## Records supplied:
+++
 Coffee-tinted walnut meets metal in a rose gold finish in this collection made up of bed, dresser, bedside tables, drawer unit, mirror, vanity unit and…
+++
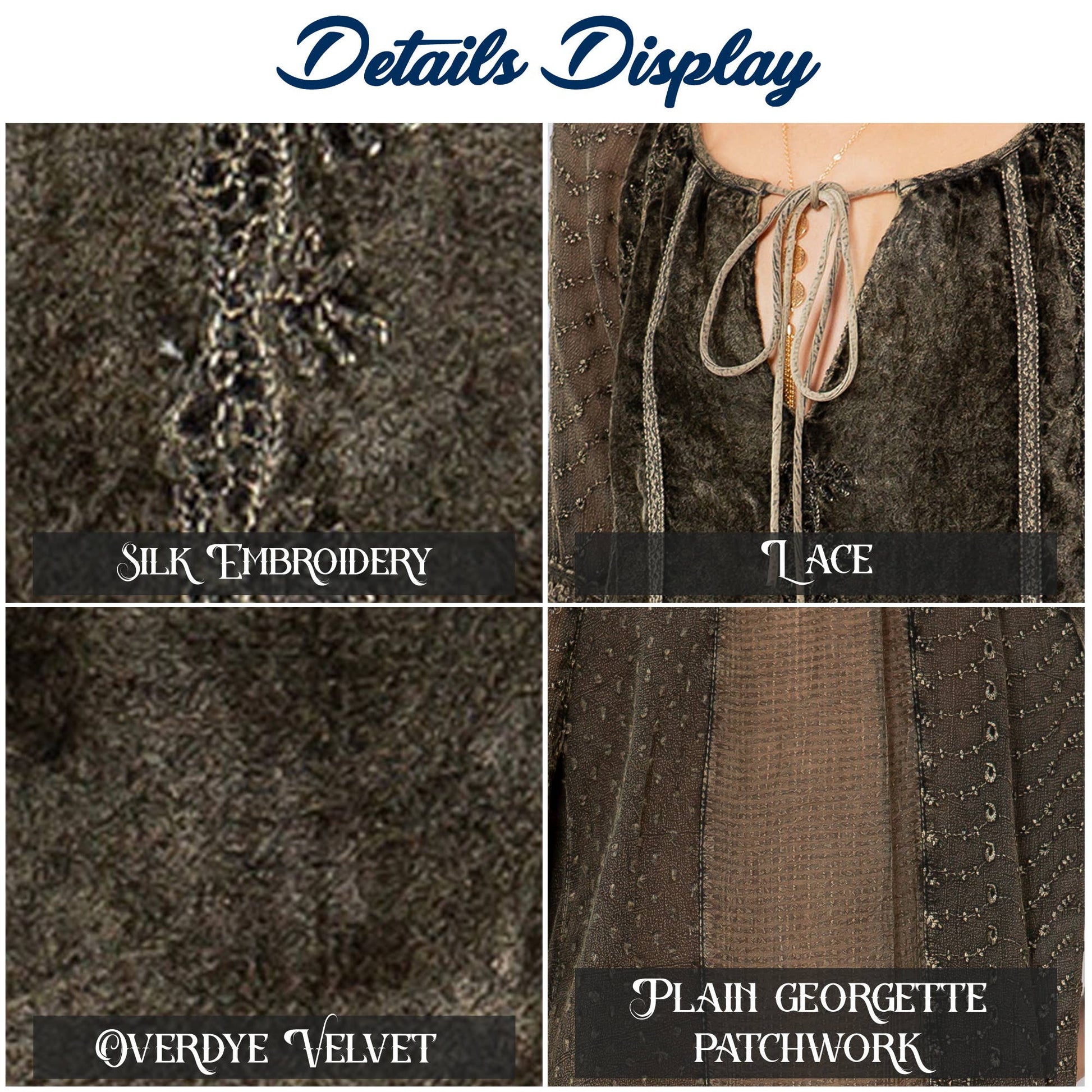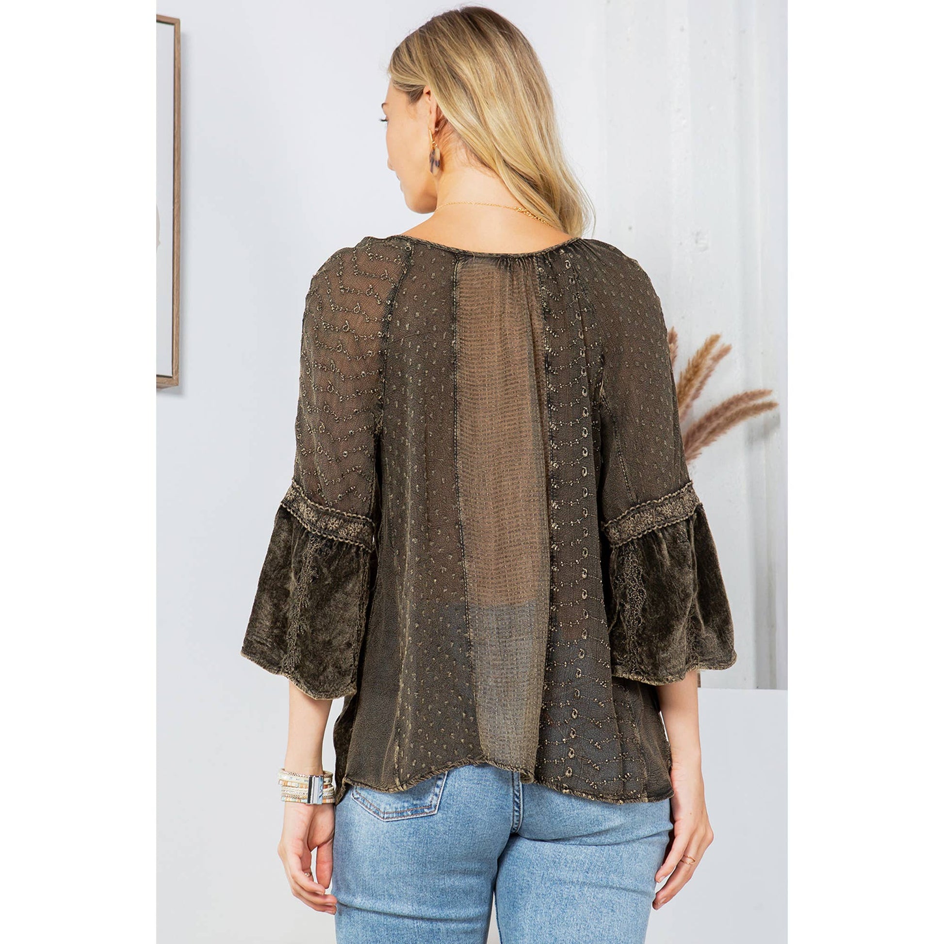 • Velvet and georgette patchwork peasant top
+++
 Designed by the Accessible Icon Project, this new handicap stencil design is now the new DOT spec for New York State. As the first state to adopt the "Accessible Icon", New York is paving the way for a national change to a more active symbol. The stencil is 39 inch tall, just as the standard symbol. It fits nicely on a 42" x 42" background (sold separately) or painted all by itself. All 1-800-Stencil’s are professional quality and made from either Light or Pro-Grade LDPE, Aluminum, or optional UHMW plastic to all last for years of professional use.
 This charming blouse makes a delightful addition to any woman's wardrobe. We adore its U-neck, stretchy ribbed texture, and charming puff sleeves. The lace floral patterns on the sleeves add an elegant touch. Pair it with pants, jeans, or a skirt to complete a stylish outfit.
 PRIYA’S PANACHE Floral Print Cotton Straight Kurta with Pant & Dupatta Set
+++
Working from the records above, write out verbatim only the lines from the line containing "This charming blouse" through the line containing "PRIYA’S PANACHE Floral".

## Answer to the problem:
 This charming blouse makes a delightful addition to any woman's wardrobe. We adore its U-neck, stretchy ribbed texture, and charming puff sleeves. The lace floral patterns on the sleeves add an elegant touch. Pair it with pants, jeans, or a skirt to complete a stylish outfit.
 PRIYA’S PANACHE Floral Print Cotton Straight Kurta with Pant & Dupatta Set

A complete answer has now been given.